Homecoming Brunch

Finally the last of our fall visitors are featured today! Patrick's mom visited (check out our day trip to Saxapahaw), my mom visited (check out our savory brunch), and now we have friends visiting!

These friends are a little UNC-sided. Since it was UNC's homecoming "my" friends were in town and staying with us. Our house is open to Dookies too though!

Everyone arrived Friday in anticipation of an early afternoon football game. Saturday morning we went to campus early so we could enjoy campus a bit and then watch the UNC football win! How exciting!

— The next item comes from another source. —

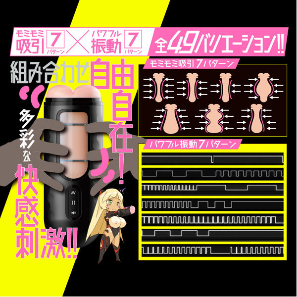 ぷにあな電動オナホの第2弾は、揉まれる吸引刺激7種類×ハイパワー振動7種類の合計49アクションを楽しめる♪内部素材には、柔らかく安全性と耐久性に優れたエラストマーを使用。固定用吸盤で壁や机など好きな場所に設置できるほか、145度まで好きな角度に調整可能!興奮度高まるぷにあなちゃん(CVそよかぜみらい)の喘ぎボイス10分収録。イラストは「maruku」氏
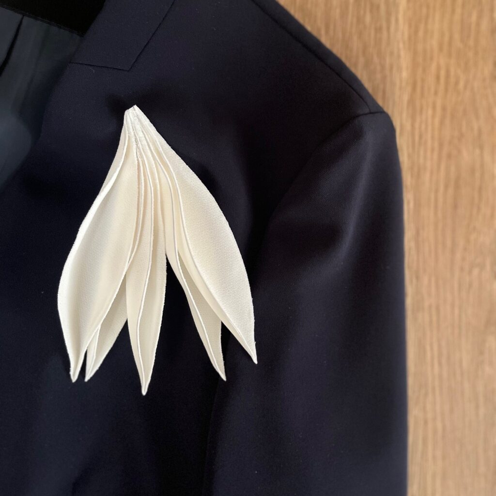 つける位置や付け方、リーフの向きによって表情が変わるのがこのコサージュの魅力だなぁと思います。

James, Holly, Christine, Kasper, Patrick, Whitney, and Richard all cheering "Go Heels!"
Before our guests left Sunday Patrick and I put together a brunch for them. I forgot to take a picture of the spread but we served: grits, bacon, breakfast egg casserole, and blueberry muffins.

The breakfast egg casserole is seen in this breakfast potluck post.

And the blueberry muffins were from the Smitten Kitchen blog; the recipe is below.


Perfect Blueberry Muffins from the Smitten Kitchen & Adapted from Cook’s Illustrated
Makes 9 to 10 standard muffins

5 tablespoons (2 1/2 ounces or 71 grams) unsalted butter , softened
1/2 cup (3 1/2 ounces or 100 grams) sugar
1 large egg
3/4 cup sour cream or plain yogurt
1/2 teaspoon grated lemon zest
1 1/2 cups (6 3/4 ounces or 191 grams) all-purpose flour
1 1/2 teaspoon (7 grams or 1/4 ounce) baking powder
1/4 teaspoon (1 gram) baking soda
1/4 teaspoon (2 grams) salt
3/4 cup (3 3/4 ounces or 105 grams) blueberries, fresh or frozen (if frozen, don’t bother defrosting)

Preheat oven to 375°F. Line a muffin tin with 10 paper liners or spray each cup with a nonstick spray. Beat butter and sugar with an electric mixer until light and fluffy. Add egg and beat well, then yogurt and zest. Put flour, baking powder, baking soda and salt into a sifter and sift half of dry ingredients over batter. Mix until combined. Sift remaining dry ingredients into batter and mix just until the flour disappears. Gently fold in your blueberries. The dough will be quite thick (and even thicker, if you used a full-fat Greek-style yogurt), closer to a cookie dough, which is why an ice cream scoop is a great tool to fill your muffin cups. You’re looking for them to be about 3/4 full, nothing more, so you might only need 9 instead of 10 cups. Bake for 25 to 30 minutes, until tops are golden and a tester inserted into the center of muffins comes out clean (you know, except for blueberry goo). Let cool on rack (ha), or you know, serve with a generous pat of butter.


The sour cream gives these muffins the perfect bit of tang! They were a hit; Patrick even says I can make them again! Do you have a favorite blueberry muffin recipe?